After you have finished installing Git, you can verify if the installation was successful by typing git --version. The response of this command will be the numbered Git version that was just downloaded. Now that we have verified that Git has been installed, the first thing that we should do is set our username and email address. When we use Git to make changes to our project's files, Git uses this information to identify who made these changes. Git has a tool called git config that allows you to set configurations to Git. So to set a username, type git config --global user.name, and then the name in the parentheses. Let's use Steve's name. And then to set an email address, type get config --global user.email, and then the email in parentheses. Again, let's use Steve's information.

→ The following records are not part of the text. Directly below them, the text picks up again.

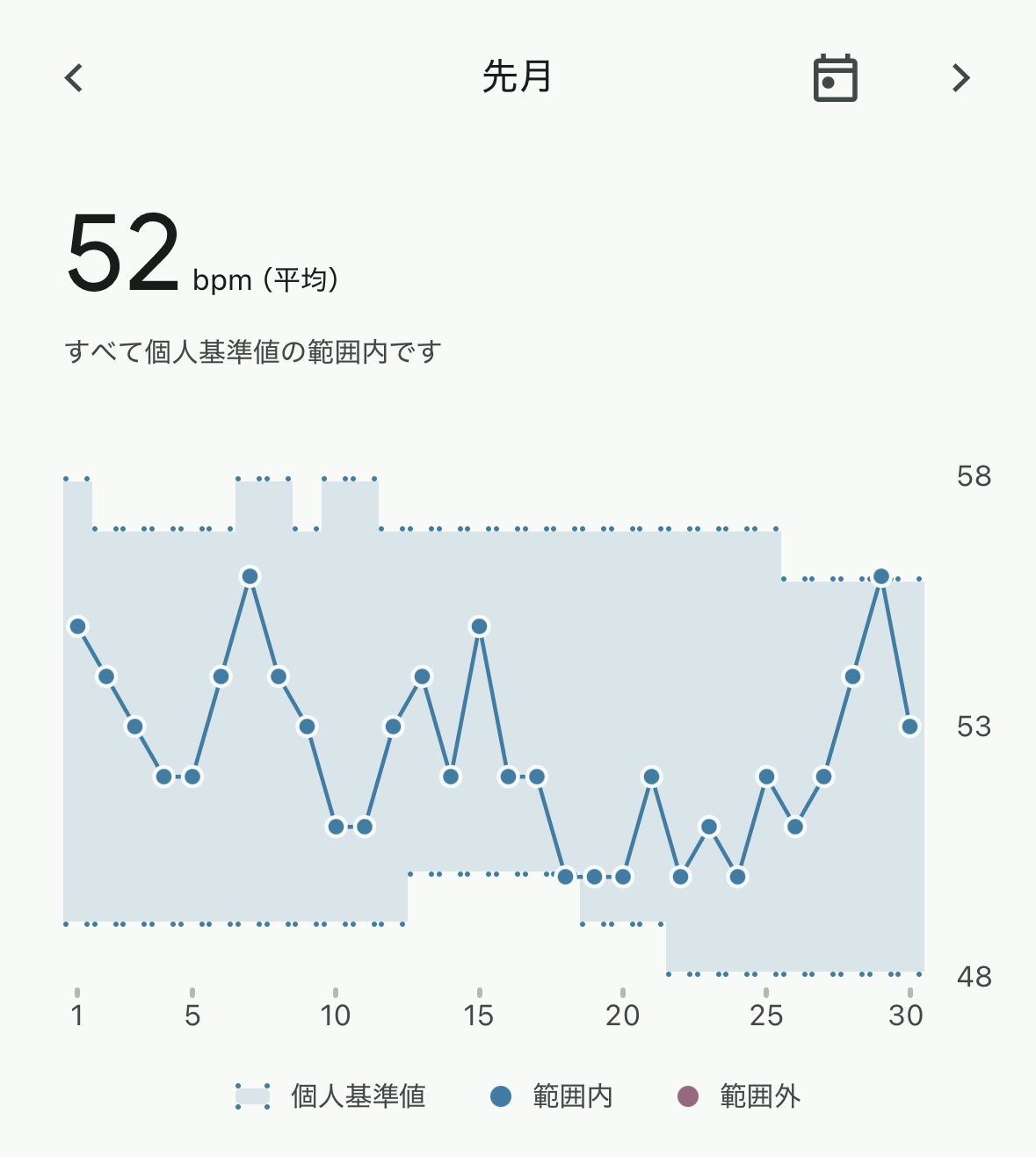 心拍数とは、1分間に心臓が拍動する回数です。私は心拍変動と共に、この心拍数もよく見ています。
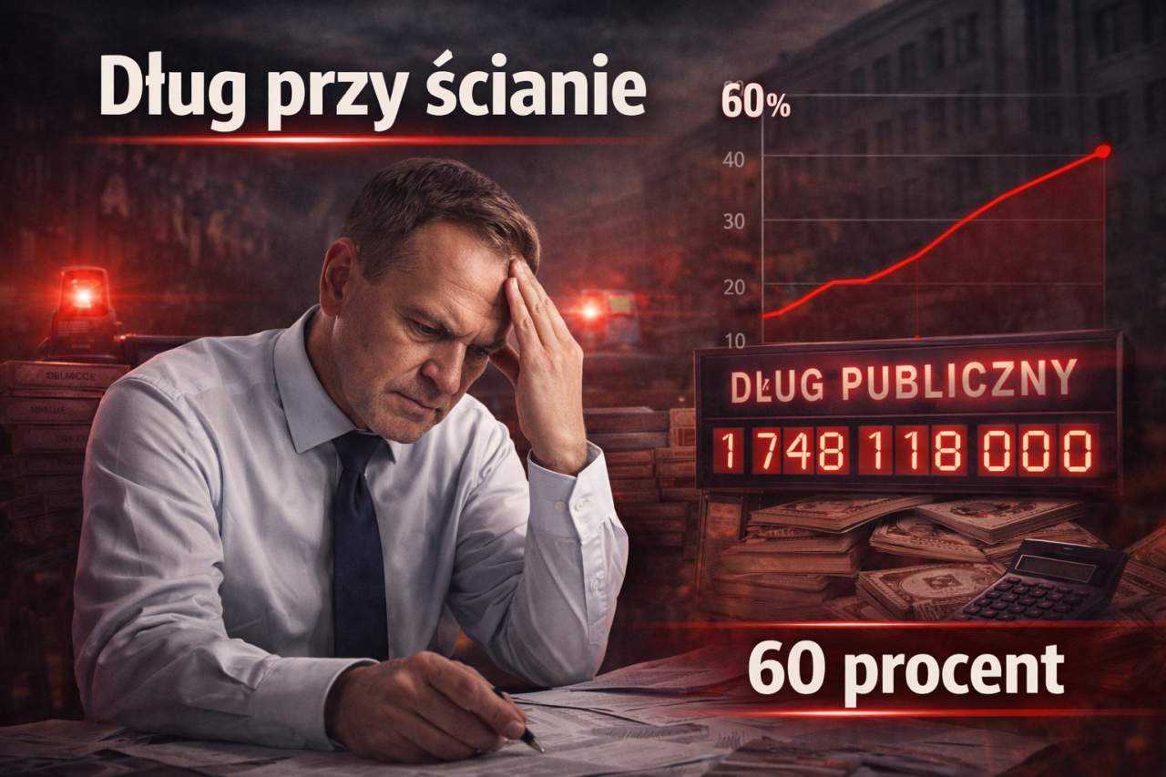 Najnowsze dane o zadłużeniu Polski wyglądają jak finansowy alarm. Pod koniec 2025 roku dług sektora instytucji rządowych i samorządowych sięgnął 2 335,2 mld zł, czyli 59,97 procent PKB. Do konstytucyjnej granicy 60 procent zabrakło dosłownie ułamka punktu.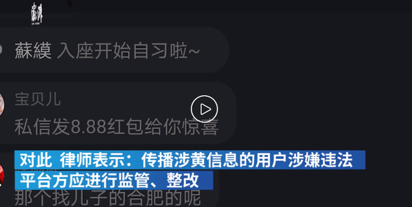 有律师认为,传播涉黄信息的用户已经涉嫌违法,平台方应该进行监管和整改。具体来看,如果是传播视频物品,那这些人已涉嫌违法甚至犯罪;如果发现传播这些淫秽物品的是未成年人,那家长和学校都有责任,同时QQ作为网络服务的提供者,也有不可推卸的责任。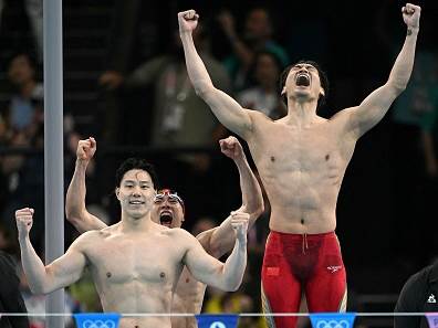 נבחרת השליחים של סין ב-4X100 מעורב גברים זכתה במדליית הזהב עם 3:27.46 דקות ובכך עצרה את רצף 15 הזכיות של ארה"ב (מ-1960!) במשחה. קיילב דרסל וחבריו האמריקאים סיימו ב-3:28:01 וצרפת, כולל לאון מרשאן שזכה בארד (לאחר ארבע זכיות בזהב בפריז), רשמו 3:28.38. פאן ג'אנלה הסיני חתם את המשחה עם 45.92 שניות ב-100 המטרים האחרונים.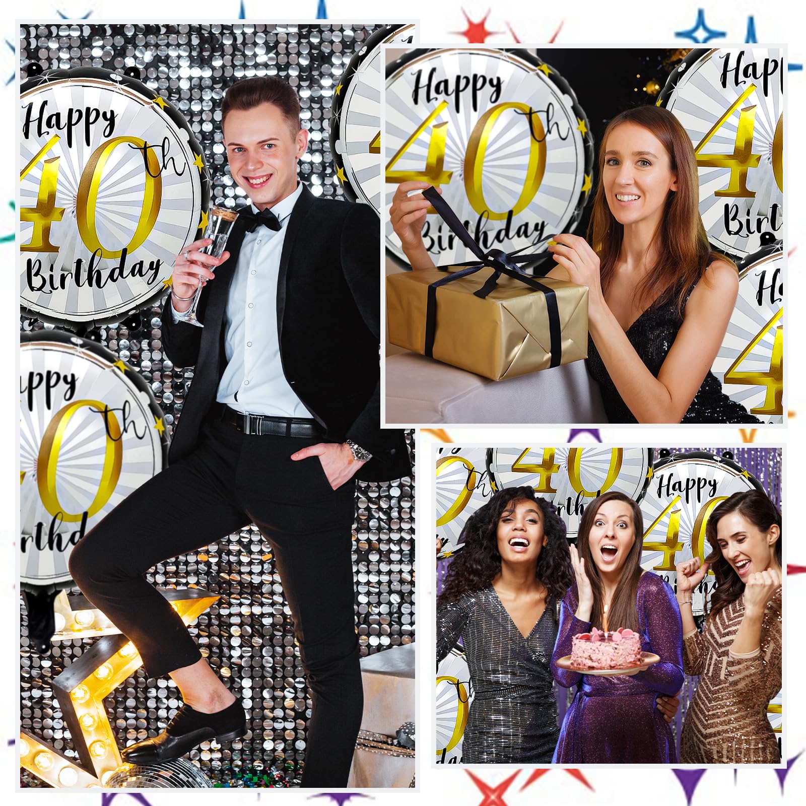 40. sünnipäeva fooliumõhupallide komplekt, must ja kuldne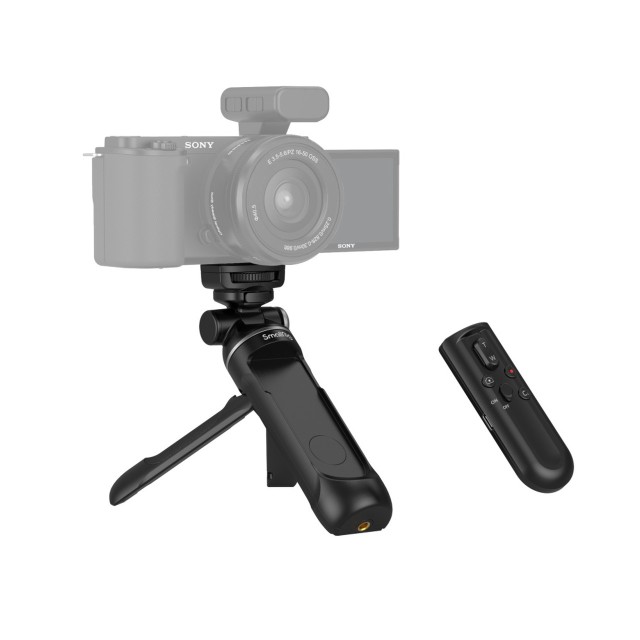 A SmallRig 3326-os SR-RG1 Bluetooth-os vezeték nélküli markolat egy sokoldalú fotómarkolat, szelfibot, valamint asztali állvány meghatározott Sony és Canon kamerákhoz. A markolatot úgy tervezték, hogy javítsa a felvételek stabilitását, ideális vlogoláshoz, élő közvetítéshez, egyszerű mindennapi használathoz és egyéb forgatókönyvekhez. Jellemzők levehető és tölthető vezeték nélküli távirányítóval elérheti a kamera fotó, videó, zoom, fókusz és egyéb funkciók, ami megkönnyíti a vlogolást. A markolat két pozícióban 15 cm-ig kihúzható, az integrált fej 90°-kal felfelé, 90°-kal lefelé dönthető és 360°-kal elforgatható a megfelelő pozicionálás érdekében. Hordozható méret és könnyű súly a könnyű hordozáshoz. A markolat alján 1/4"-20-as menetes furat található az állványhoz, hogy szélesebb kilátást biztosítson, és segítsen állni, amikor szelfibotként használja. A nagy szilárdságú nejlon és üvegszál teszi robosztussá és tartóssá, akár 1,5 kg teherbírással (kihúzott állapotban 0,5 kg).
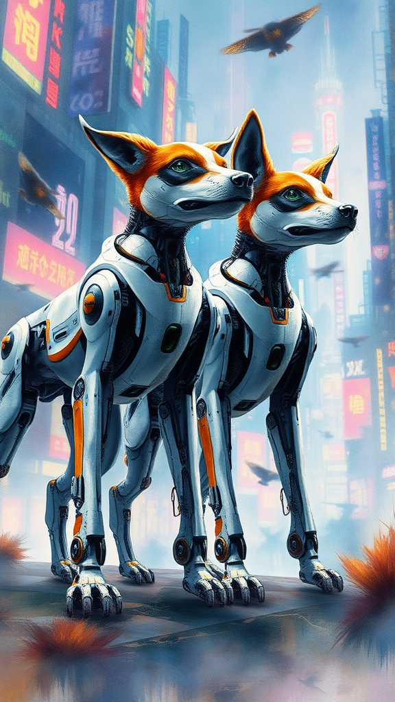 scenic view landscape cyberpunk city with highly detailed watercolor pastel mix, ultra-realistic, featuring two robotic dogs with hyperdetailed full bodies visible, natural fur, more than four legs each, set against an intricate backdrop. The scene captures the dogs from below, highlighting their unique design and lifelike textures of the fur. The vibrant city is alive with neon lights, creating an atmosphere of futuristic wonder. Each dog has distinct features with rich detailing, including a mix of natural and synthetic elements. The landscape incorporates elements of motion and energy, blending seamlessly with the serene quality of the watercolor effect. The cityscape is bustling yet maintains a dreamlike quality, emphasizing the intersection of nature and technology.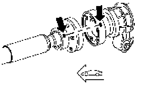 ^ The colour mark, match point, on the cardan shaft and on the rear final drive flange must be aligned. This will neutralize any residual imbalance of the components.
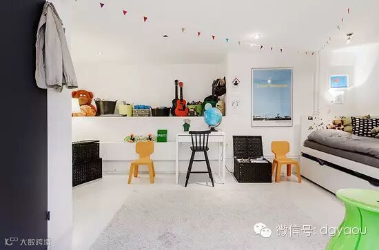 小朋友爱玩爱走动,儿童房设计便要保证有宽敞的活动空间,桌椅、床铺等家具靠墙摆放,避免发生磕碰;吊顶的小旗子装饰和多彩的家具也大大增加了空间的活力。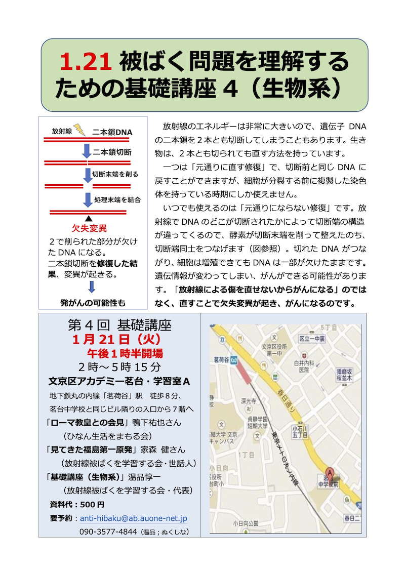 1.21(火)被ばく問題を理解するための基礎講座 第4回「生物系」 | 脱原発の日のブログ http://ow.ly/luiB30q76L7 pic.twitter.com/ST2BEnAlyl
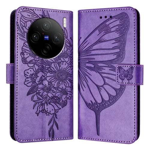 Para Vivo X100S 5G Funda de Cuero con Mariposa En Relieve (Púrpura Claro)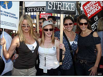 اعتصاب اتحادیه نویسندگان فیلم و تلویزیون، در ماه نوامبر، هالیوود را به حالت نیمه تعطیل در آورد. هدف این بود که نویسندگان هم مثل بیشتر عوامل اصلی فیلمها و برنامه های تلویزیونی از فروش و پخش مجدد فیلم و سریالها، دستمزد دریافت کنند. این اعتصاب مورد حمایت بعضی دیگر از عوامل دست اندرکار سینما و تلویزیون، از جمله بازیگران قرار گرفت و زمان روی پرده رفتن بسیاری از فیلمها را به تعویق انداخت. با ادامه اعتصاب تا هفته های اخیر، این نگرانی وجود دارد که مراسم اسکار سال آینده از این اقدام بی تأثیر نماند. |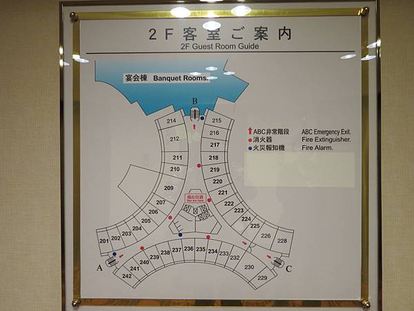 抵達飯店已經快10點了,拿到房號230的鑰匙,出了電梯看到這個逃生圖,我心裡就納悶房間怎麼大(最右下角)?難道是無障礙客房嗎?

Now that we have Steve's username and email address configured in Git, his file changes will now be identified to him, and since we're using the --global option, we'll only need to do this once, and Git will apply it to everything we do in the system. If you want to change this global setting with a different username or email address, but only for a specific project, you can run the same commands, but without the --global option when you're in the project. This will overwrite your global settings, but just within that project, and keep the global settings for everything else. If you want to check your configuration settings, you can type get config --list, and it will list all of the settings Git has at that point. If you want to check a specific setting, like the username, for example, you can type get config user.name, or any of the other settings that you have configured, and it will respond back with a set value just for that setting.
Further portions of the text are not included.